Green Meadows Housing Partners, LP v. Macon-Bibb Cnty., 372 Ga.App. 724 (Ga.App., 2024)

In an effort to reduce crime in the affordable housing community of Green Meadows Townhomes, Macon-Bibb County filed a public-nuisance action against the property’s owners, Green Meadows Housing Partners, LP, and its related entities.1 And in an ex parte hearing that same day, the County successfully moved the trial court to declare the property a public nuisance and appoint a receiver to take control of the housing complex. GMHP filed an answer and moved to vacate the ex parte order; but following an emergency hearing, the trial court reaffirmed the finding that the property was a public nuisance, as well as the appointment of the receiver.
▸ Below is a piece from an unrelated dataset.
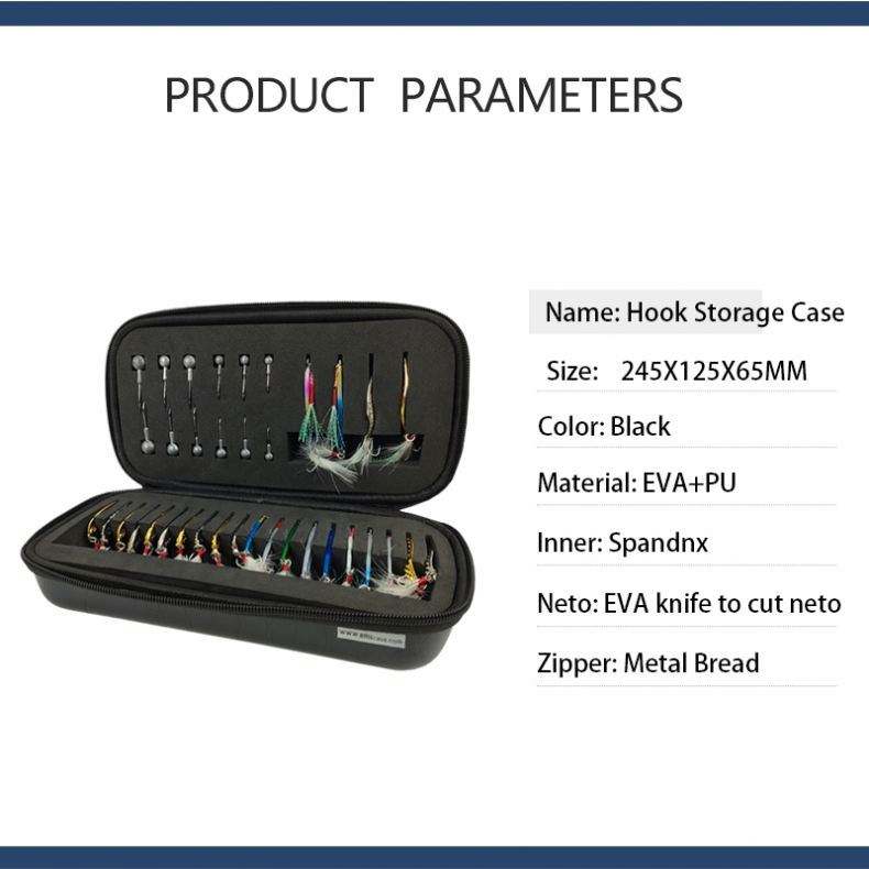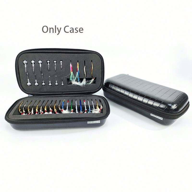 Boîte de rangement noire pour matériel de pêche, organiseur de plateau pour la pêche à la mouche avec boîte étanche pour leurres et jigs de voyage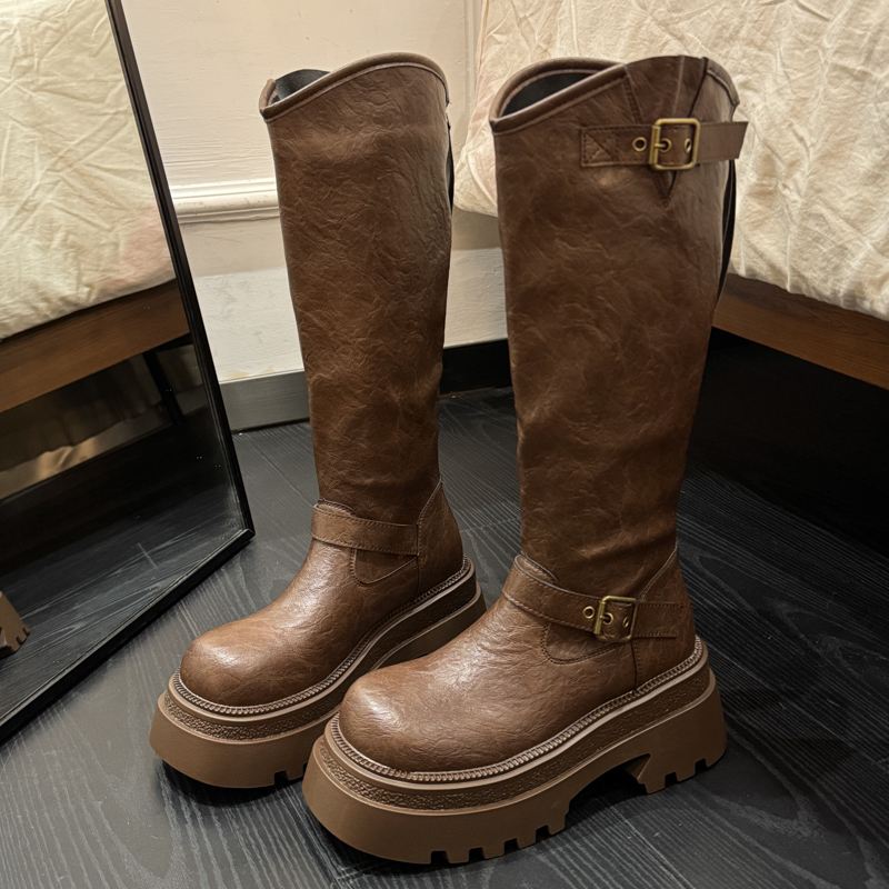 女靴子靴子韩版潮时尚保暖防滑长靴圆头粗跟

Subsequently, GMHP appealed, and the County then cross appealed.

[. . .]

Here, it is undisputed the trial court did not provide GMHP with any notice or hearing prior to issuing an ex parte order appointing a receiver and granting that receiver virtually unfettered control over all aspects of the Property’s management. Put in more stark terms, the County took away a business’s private property with absolutely no due process.

[. . .]

In its order denying GMHP’s motion to vacate, the trial court conceded that the appointment of a receiver to abate a public nuisance is unprecedented. This is hardly surprising given that our Supreme Court has explicitly held that “[i]n the absence of any statutory expansion of equity jurisdiction, a public nuisance may be abated in equity by injunction only.”33 Nevertheless, in support of its decision to appoint a receiver (in that same order), the trial court cited OCGA § 9-8-1, which provides: “When any fund or property is in litigation and the rights of either or both parties cannot otherwise be fully protected or when there is a fund or property having no one to manage it, a receiver of the same may be appointed by the judge of the superior court having jurisdiction thereof.” But as both parties and the trial court that issued the ex parte order agreed, this statute *734 is not applicable. Rather, the codified purpose of a receivership is to “preserve the property which is the subject of the litigation, and to provide full protection to the parties’ rights to the property until a final disposition of the issues.”34 And here, the County—as it acknowledges—is not asserting a right to or in the Property as contemplated by the statute.35 So, although the County argues the trial court had general plenary power to abate a nuisance in any manner it saw fit, it fails to point to statutory authority or binding Georgia caselaw affirming the appointment of a receiver in any factual situation even remotely analogous to this one. As a result, given the absence of any legal basis supporting the appointment of the receiver, the trial court abused its discretion in ordering the appointment.36 Accordingly, we reverse that aspect of its ruling.